Amaro d'erbe della Sila: genziana, ginepro e achillea dell'altopiano
L'Amaro d'erbe della Sila è un amaro artigianale ottenuto dall'infusione di erbe, radici e bacche raccolte sull'altopiano silano, fra cui genziana, ginepro e achillea. Riflette la flora spontanea di montagna della Calabria interna, con un profilo aromatico erbaceo e balsamico.
Caratteristiche del prodotto
- Colore ambrato scuro, dovuto all'infusione di più erbe e radici.
- Profilo aromatico erbaceo e balsamico, con note di genziana e ginepro.
- Sapore amaro deciso, con una nota resinosa data dalle bacche di ginepro.
- Gradazione alcolica media-alta, tipica degli amari da fine pasto.
Territorio di produzione
- Altopiano della Sila, fra le province di Cosenza, Catanzaro e Crotone.
- Aree boschive e prative d'altura dove crescono spontanee le erbe utilizzate.
Materie prime
- Genziana, radice amaricante raccolta sui pascoli d'altura.
- Ginepro, bacche aromatiche tipiche della flora silana.
- Achillea e altre erbe spontanee di montagna, secondo la ricetta del singolo produttore.
Lavorazione
- Raccolta delle erbe, radici e bacche nei periodi di maggiore concentrazione aromatica.
- Essiccazione delle componenti vegetali prima dell'infusione.
- Infusione in alcol per un periodo di alcune settimane, secondo la ricetta.
- Filtrazione dell'infuso e aggiunta di acqua e zucchero fino al grado desiderato.
Stagionatura
- Riposo del prodotto finito per alcune settimane, per l'amalgama delle diverse componenti aromatiche.
Disciplinare
- Non è una denominazione protetta a livello europeo: la produzione segue ricette artigianali tramandate nell'area silana.
- Le ricette variano da produttore a produttore, con differenze nella scelta e nella proporzione delle erbe utilizzate.
Utilizzo nella cucina tradizionale
- Servito liscio come digestivo di fine pasto, a temperatura ambiente o leggermente fresco.
- Utilizzato in piccole quantità per aromatizzare dolci a base di cioccolato.
- Impiegato talvolta come base per cocktail amari.
Conservazione
- In luogo fresco e buio, a temperatura ambiente, con bottiglia ben chiusa.
- Si conserva a lungo grazie alla gradazione alcolica relativamente elevata.
Curiosità
L'altopiano della Sila è una delle aree della Calabria con la maggiore biodiversità di erbe spontanee di montagna, alla base di diverse produzioni artigianali locali.

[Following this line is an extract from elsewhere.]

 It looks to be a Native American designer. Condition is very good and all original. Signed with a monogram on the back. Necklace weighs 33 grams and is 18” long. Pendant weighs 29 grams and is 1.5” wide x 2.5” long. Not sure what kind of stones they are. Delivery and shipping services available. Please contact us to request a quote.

La ricetta dell'amaro silano non è codificata in un disciplinare unico: ogni produttore mantiene proporzioni ed erbe secondo la propria tradizione familiare.
Domande frequenti
- Quali erbe caratterizzano l'Amaro d'erbe della Sila?

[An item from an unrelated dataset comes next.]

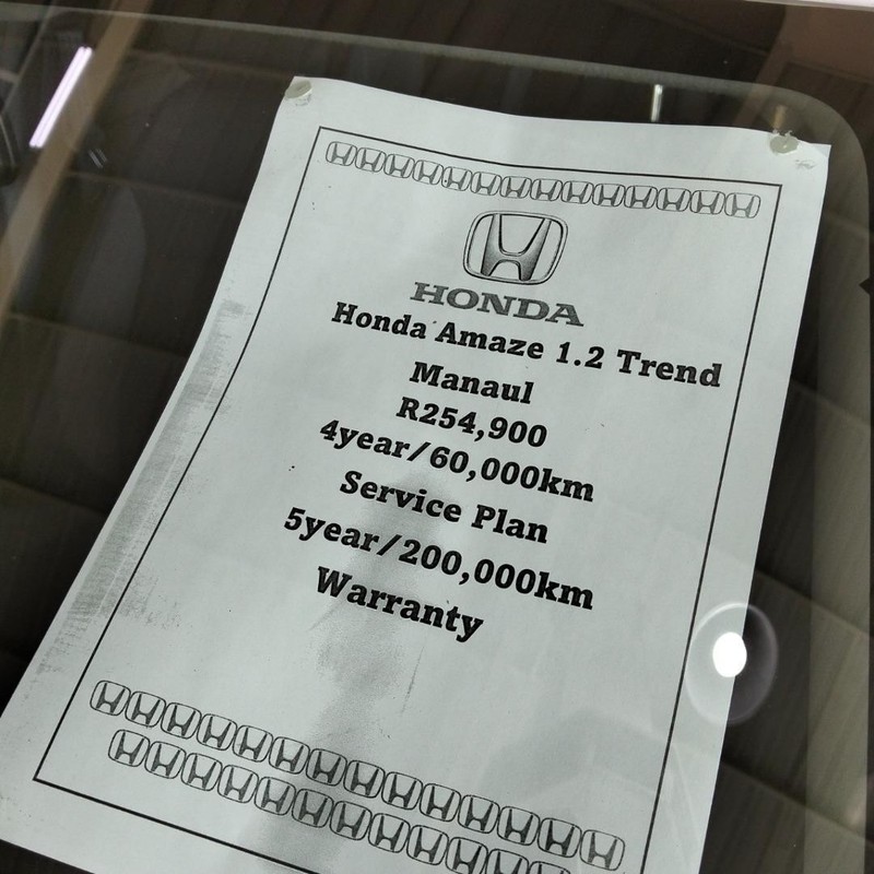 Available for sale in South Africa, the Honda Amaze is positioned as a compact sedan, competing with models like the Toyota Etios and Nissan Almera. The Amaze offers a choice of petrol engines, including a 1.2L and a 1.5L variant, paired with either a 5-speed manual gearbox or a continuously variable transmission (CVT). This model is particularly noted for its fuel efficiency and practicality in urban environments, appealing to South African buyers in search of an economical daily driver. Popular trims include the Amaze 1.2 Base (priced at approximately R250k-R280k, focusing on affordability) and the Amaze 1.5 Elegance (estimated between R300k-R350k, emphasizing added features). Compared to its competitors, the Amaze typically offers a more spacious interior and advanced safety features, appealing to buyers prioritizing comfort. Used models average around 30k-80k km, with strong trade-in values for well-maintained examples. Additional related models include the Honda City and the compact SUV segment, providing further options for potential buyers.

- Genziana, ginepro e achillea sono fra le componenti più citate, ma la ricetta varia da produttore a produttore, con l'aggiunta di altre erbe spontanee raccolte sull'altopiano.
- È un prodotto certificato?
- No: non esiste una denominazione protetta europea per questo amaro, che nasce da ricette artigianali tradizionali dell'area silana, prive di un disciplinare unico e codificato.
- Come si serve?
- Generalmente liscio, a temperatura ambiente o leggermente fresco, come digestivo di fine pasto, secondo l'uso comune degli amari a base di erbe di montagna.
Fonti
- Regione Calabria, Agricoltura e produzioni agroalimentari di qualità della Calabria — www.regione.calabria.it. Consultato il 02 agosto 2026.
- Accademia Italiana della Cucina, Ricettario delle cucine regionali italiane — www.accademiaitalianadellacucina.it. Consultato il 02 agosto 2026.
- Istituto della Enciclopedia Italiana Treccani, Voci enciclopediche di gastronomia e prodotti alimentari italiani — www.treccani.it. Consultato il 02 agosto 2026.